Just a rough idea of what she should be able to do / make.
Should she be able to cook something for the family once a week for example?

Tenrec Sun 04-May-14 19:53:10

At 13 I couldn't cook that well. It was an odd mix of being very responsible for my food but having very little skills too, iyswim? My bio mother wasn't very responsible and fish fingers, packet foody stuff and so on was easier and cheaper. So I couldn't say, bake a cake or cook a Sunday roast as I had no one to show me the skills, but I'd still be cooking/making nearly all of my meals. By 13 I'd improved with that, but I could cook a lot less than my DC.

Tenrec Sun 04-May-14 19:50:34

My 13 and 14yo can cook quite a lot BUT I've noticed that certain very basic things have escaped them (omelettes, scrambled eggs) which I can (and now they can, but only recently) do without thinking. They can cook proper family meals- roast meals, pies, fish, curries and soups, but it's more important to learn the basic skills which will allow them to follow most recipes, rather than specific recipes. Between them, they cook twice a family meal twice a week plus a dessert, they split it how they want and there's been stuff like chicken ramen, spag Bol, shepherd's pie, a variety of curries, baklava, pizza, veg stew, beef and kidney pie and so on. Sometimes it's simple things where they're just getting stuff out of packages and using very basic skills, like sausage and mash, other times it's a lot more complex and takes all day.
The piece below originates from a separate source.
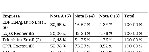 Portanto, para esta análise, foram elencados os cinco melhores índices em ordem decrescente correspondente às seguintes organizações: EDP Energias, Lojas Renner, Telefônica Brasil, CPFL Energia e Natura.

clary Sun 04-May-14 19:44:08

We've got a couple of great books by Sam Stern who is (or was when he wrote them) a teenager himself - really nice recipes with proper ingredients but simply written - worth a look IMO.

Ifpigscouldfly Sun 04-May-14 11:15:57

Saying that I lived with a girl at uni that had had the best education money could buy and she could cook pasta and fry sausages. That was it.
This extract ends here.